RALEIGH, NC. – A federal judge recently declared unconstitutional a North Carolina “ag-gag” law that criminalized undercover investigations of agriculture operations.
US District Court Judge Thomas Schroeder said in his 73-page ruling that the challenged provisions from North Carolina’s Property Protection Act “fail to pass muster under the First Amendment.”
The state law was passed in 2015 as a protection to farmers after animal rights activists began publishing undercover videos supporting accusations of animal cruelty. The law was passed by the North Carolina General Assembly despite a veto from then North Carolina Governor Pat McCrory.

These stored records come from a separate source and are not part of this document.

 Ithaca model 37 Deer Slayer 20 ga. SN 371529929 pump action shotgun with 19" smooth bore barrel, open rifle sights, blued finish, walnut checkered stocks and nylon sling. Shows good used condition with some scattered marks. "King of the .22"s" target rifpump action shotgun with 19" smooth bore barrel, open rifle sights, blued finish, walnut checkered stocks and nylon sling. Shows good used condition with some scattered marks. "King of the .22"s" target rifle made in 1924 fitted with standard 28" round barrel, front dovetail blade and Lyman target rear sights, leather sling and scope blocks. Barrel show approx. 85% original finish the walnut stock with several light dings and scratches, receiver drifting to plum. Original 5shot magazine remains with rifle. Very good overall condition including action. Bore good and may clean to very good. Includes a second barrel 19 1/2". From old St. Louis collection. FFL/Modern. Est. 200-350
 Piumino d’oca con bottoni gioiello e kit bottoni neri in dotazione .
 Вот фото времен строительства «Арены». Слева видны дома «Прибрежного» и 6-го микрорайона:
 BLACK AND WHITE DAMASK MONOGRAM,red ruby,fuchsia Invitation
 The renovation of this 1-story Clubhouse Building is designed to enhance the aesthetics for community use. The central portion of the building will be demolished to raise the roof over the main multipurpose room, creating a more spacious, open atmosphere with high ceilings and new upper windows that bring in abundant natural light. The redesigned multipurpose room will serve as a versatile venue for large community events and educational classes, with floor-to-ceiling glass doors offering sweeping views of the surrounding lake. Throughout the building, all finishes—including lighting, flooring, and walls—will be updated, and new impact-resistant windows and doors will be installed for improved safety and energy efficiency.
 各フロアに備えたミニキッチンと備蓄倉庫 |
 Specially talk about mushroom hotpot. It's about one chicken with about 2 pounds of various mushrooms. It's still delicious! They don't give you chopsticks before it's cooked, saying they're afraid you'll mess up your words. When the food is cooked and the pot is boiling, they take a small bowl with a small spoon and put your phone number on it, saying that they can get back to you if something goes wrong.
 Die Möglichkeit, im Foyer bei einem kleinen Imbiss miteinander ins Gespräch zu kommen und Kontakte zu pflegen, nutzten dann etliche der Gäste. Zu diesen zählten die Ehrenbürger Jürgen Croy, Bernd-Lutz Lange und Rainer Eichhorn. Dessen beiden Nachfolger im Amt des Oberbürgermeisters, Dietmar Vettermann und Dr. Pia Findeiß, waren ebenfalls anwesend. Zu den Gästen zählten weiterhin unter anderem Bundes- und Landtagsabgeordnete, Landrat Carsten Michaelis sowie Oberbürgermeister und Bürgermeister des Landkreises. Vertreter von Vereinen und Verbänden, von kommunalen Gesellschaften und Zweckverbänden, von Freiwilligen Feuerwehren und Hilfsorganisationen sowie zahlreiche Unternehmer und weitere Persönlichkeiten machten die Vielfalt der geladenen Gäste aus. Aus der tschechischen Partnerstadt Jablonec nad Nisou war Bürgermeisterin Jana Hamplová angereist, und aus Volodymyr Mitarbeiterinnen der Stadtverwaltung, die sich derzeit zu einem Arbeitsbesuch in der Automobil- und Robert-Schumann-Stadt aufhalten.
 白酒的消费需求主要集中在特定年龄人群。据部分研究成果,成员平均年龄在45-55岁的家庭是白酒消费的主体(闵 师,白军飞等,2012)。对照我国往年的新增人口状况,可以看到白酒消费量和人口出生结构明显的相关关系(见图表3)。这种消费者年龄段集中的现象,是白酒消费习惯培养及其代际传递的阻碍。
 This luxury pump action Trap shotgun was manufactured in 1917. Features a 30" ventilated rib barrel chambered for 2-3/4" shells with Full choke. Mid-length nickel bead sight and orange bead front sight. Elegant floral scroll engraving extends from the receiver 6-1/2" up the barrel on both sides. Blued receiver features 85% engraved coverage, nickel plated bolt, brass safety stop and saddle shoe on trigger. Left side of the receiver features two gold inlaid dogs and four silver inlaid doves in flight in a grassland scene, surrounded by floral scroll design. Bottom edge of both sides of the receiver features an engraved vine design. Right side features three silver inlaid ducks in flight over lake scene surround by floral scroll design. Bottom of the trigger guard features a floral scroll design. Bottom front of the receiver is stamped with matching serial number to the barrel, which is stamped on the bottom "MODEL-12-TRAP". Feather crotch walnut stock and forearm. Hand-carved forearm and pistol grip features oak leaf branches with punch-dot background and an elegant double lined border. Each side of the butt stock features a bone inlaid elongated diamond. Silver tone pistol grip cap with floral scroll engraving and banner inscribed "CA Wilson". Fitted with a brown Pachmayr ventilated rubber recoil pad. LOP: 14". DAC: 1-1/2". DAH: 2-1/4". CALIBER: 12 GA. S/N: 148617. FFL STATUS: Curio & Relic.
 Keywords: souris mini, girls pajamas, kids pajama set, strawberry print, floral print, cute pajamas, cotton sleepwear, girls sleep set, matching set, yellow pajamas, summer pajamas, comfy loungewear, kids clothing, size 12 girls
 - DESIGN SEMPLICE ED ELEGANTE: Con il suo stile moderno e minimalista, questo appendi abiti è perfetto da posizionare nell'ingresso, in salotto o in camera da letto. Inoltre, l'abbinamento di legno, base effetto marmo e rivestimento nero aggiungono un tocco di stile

Under this law, individuals who film unlicensed recordings or take photographs on non-public business property can face civil penalties of up to $5,000 and jail time. The law applied to activists, journalists and anyone else who poses as an employee but engages in unauthorized recording of business activities.
The plaintiffs in this recent case included People for the Ethical Treatment of Animals Inc. (“PETA”), Center for Food Safety (“CFS”), Animal Legal Defense Fund (“ALDF”), Farm Sanctuary, Food & Water Watch (“FWW”), Government Accountability Project (“GAP”), Farm Forward, and the American Society for the Prevention of Cruelty to Animals (“ASPCA”). The group first sued the state of North Carolina in 2016.
Other states have recently had similar laws struck down. In January 2019, Iowa’s own law banning undercover investigations at agriculture facilities was ruled against on First Amendment grounds.